Quando olhou para trás ninguém estava lá, e ninguém viu ele aquele dia, e olha que o Claudinho perguntou para geral, mesmo o Resmungo disse que não tinha visto nada, mas ainda assim o parabenizou pelo flip, mas sabe como é né? O Resmungo depois ficou 20 minutos ainda tirando sarro e falando que o flip dele era mais alto.

Ao voltar para casa, encontrou um clima diferente, aparentemente sua mãe havia descoberto dias antes que seu namorado estava envolvido com uns lances pesados, e que até então estava com medo de falar algo ou de se afastar dele, mas que naquele dia estavam comentando que a polícia tinha ido visitar ele no bar e ninguém sabia o que rolou depois. Triste? Não, sua mãe parecia radiante como nunca antes e ainda recebeu Claudinho com um abraço carinhoso, sem nem comentar nada sobre seu namorado.
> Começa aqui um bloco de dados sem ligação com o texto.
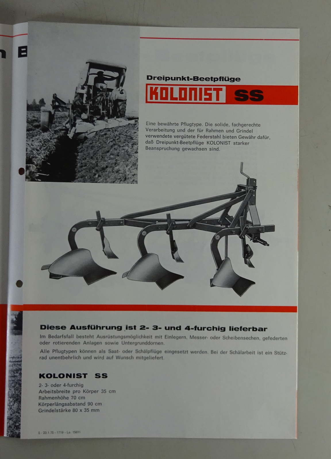 Produktinformationen "Prospekt / Broschüre Niemeyer Beetpflüge Kolonist"

Estranhamente enquanto eles jantavam estava passando na TV que um skatista famoso, o Sergio Negão, estava fazendo uma apresentação especial de Natal andando vestido de Papai Noel no centro de sua cidade, e curiosamente ao subir na plataforma para acenar e mandar um feliz natal para a geral, ele retirou a barba, e naquele momento Claudinho sabia que o conhecia de algum lugar, mas ele nunca conseguiu se lembrar de onde. Mesmo toda aquela tarde, para ele havia sido uma tarde de rolê normal, como se tudo tivesse sido uma pescada de cansaço enquanto ele se apoiou num banco próximo.

Nós da equipe da Skateboarding e do Eu Sou Skatista desejamos a todos muito skate no pé e um Feliz Natal! #eusouskatista


Marcelo Sanzoni 

Skatista, com o trabalho em mídia no Canal Eu Sou Skatista desde 2016, militante do skate e sempre focado em divulgar a cultura e a essência do skate, transmitindo pelo menos duas lives por semana no Instagram a mais de um ano e dando voz a lendas, skatistas do dia a dia e fomentadores do skate, aquele que já entrevistou do menino do bairro até Sergio Negão e Tony Hawk, sempre por amor ao skate!.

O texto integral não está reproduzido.